The disclosures of each and every patent, patent application, and publication cited herein are hereby incorporated herein by reference in their entirety. Although preferred embodiments of the invention have been described using specific terms, such description is for illustrative purposes only, and it is to be understood that changes and variations may be made without departing from the spirit or scope of the following claims.

Claims

1. A nanobolometer cell comprising: a base layer;a dielectric spacer layer above and adjacent to the base layer;an ultrathin silicon film above and adjacent to the spacer layer; andat least one plasmonic optical antenna resonator above and adjacent to the silicon film.

2. The nanobolometer cell of claim 1, wherein the base layer comprises silicon.

3. The nanobolometer cell of claim 1, wherein the dielectric spacer layer defines at least one supporting post extending above and supporting and thermally isolating the ultrathin silicon film.

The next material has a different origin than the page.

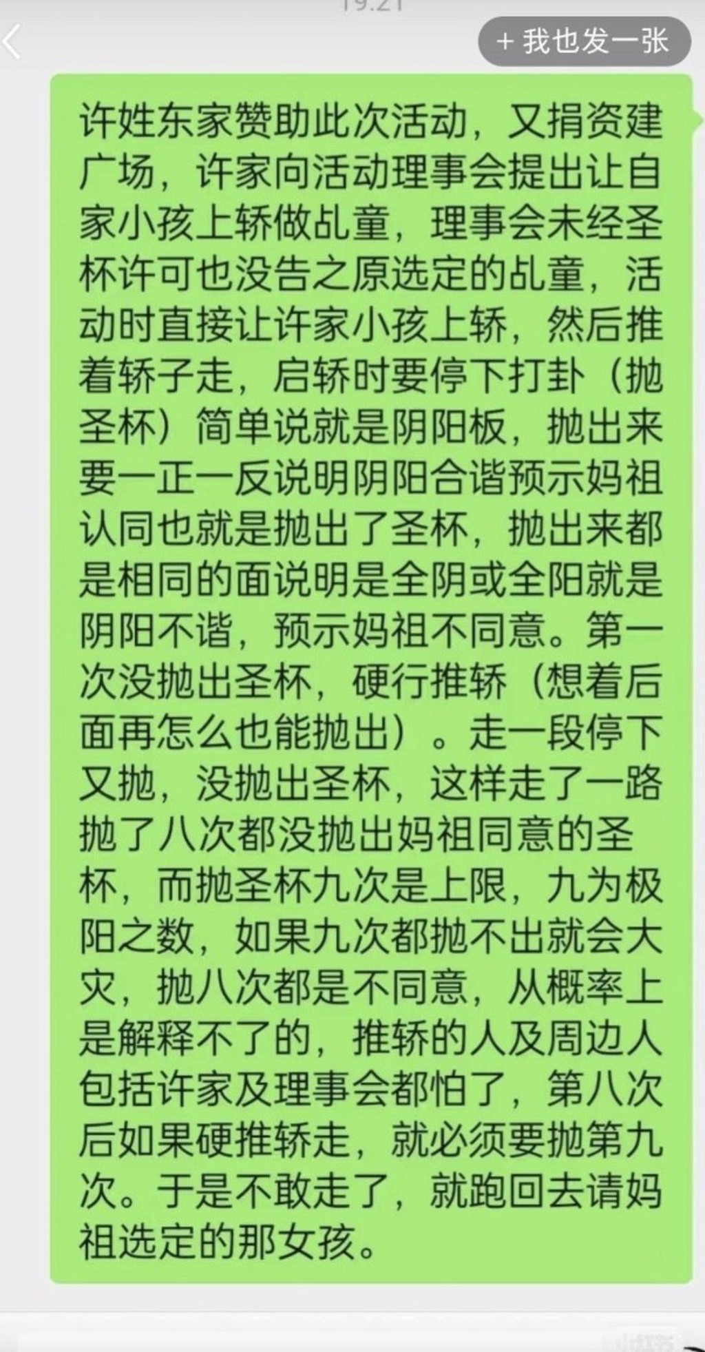 有網友私下透露,主辦方人員甚至對女孩進行強拉硬拽,並以「報復家人」作為威脅,女孩才被迫妥協,含淚登上了神轎。令人驚訝的是,女童擲杯一次就得到了「聖杯」,最終她和男童一起站在轎上,完成了儀式。

4. The nanobolometer cell of claim 1, further comprising a back reflector between the silicon base layer and the dielectric spacer layer.

5. The nanobolometer cell of claim 4, wherein the back reflector is a highly conductive metal.

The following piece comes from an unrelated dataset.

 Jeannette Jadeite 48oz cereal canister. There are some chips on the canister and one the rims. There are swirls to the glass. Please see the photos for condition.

6. The nanobolometer cell of claim 5, wherein the highly conductive metal is selected from the group consisting of gold, silver, copper, and aluminum.

7. The nanobolometer cell of claim 1, wherein the dielectric spacer layer comprises one or more selected from the group consisting of: silicon dioxide and silica aerogel.

8. The nanobolometer cell of claim 1, wherein the ultrathin silicon film is doped with one or more selected from the group consisting of: boron, phosphorus, arsenic and gallium.

9. The nanobolometer of claim 1, wherein the at least one plasmonic optical antenna resonator is selected from the group consisting of: a metallic nanoparticle, a metal-silicon nanoparticle, a gold plasmonic resonator, a silver plasmonic resonator, a copper plasmonic resonator, a nanorod, a nanoshell, a nanoplate, a solid nanoshell, a hollow nanoshell, a nanorice, a nanosphere, a nanobowtie, a nanofiber, a nanowire, a nanopyramid, a nanoprism, and a nanostar.

10. The nanobolometer of claim 9, wherein the metallic nanoparticle and the metal-silicon nanoparticle comprises a metal selected from the group consisting of: silver, gold, nickel, copper, titanium, palladium, platinum, and chromium.

11. The nanobolometer cell of claim 1, wherein the ultrathin silicon film has a thickness of 5 nm-50 nm.

12. The nanobolometer cell of claim 1, wherein the nanobolometer cell is operationally connected to a readout integrated circuit.

13. The nanobolometer cell of claim 1, wherein the nanobolometer cell has a high response speed of at least 50 MHz (20 ns).

14. The nanobolometer cell of claim 1, wherein the nanobolometer cell is operational at room temperature and does not require cooling.

15. An infrared radiation detector comprising a plurality of the nanobolometer cell of claim 1.

16. An infrared imager comprising the detector of claim 15.

17. A multispectral imager comprising a plurality of complementary metal-oxide-semiconductor (CMOS) cells; anda plurality of nanobolometer cells;wherein each of the plurality of nanobolometer cells are interspersed within the CMOS cells.

18. The multispectral imager of claim 16, wherein the plurality of nanobolometer cells are according to claim 1.

19. The multispectral imager of claim 17, wherein the multispectral imager is a front-illuminated silicon multispectral imager.

20. The multispectral imager of claim 17, wherein the multispectral imager is a back-illuminated silicon multispectral imager.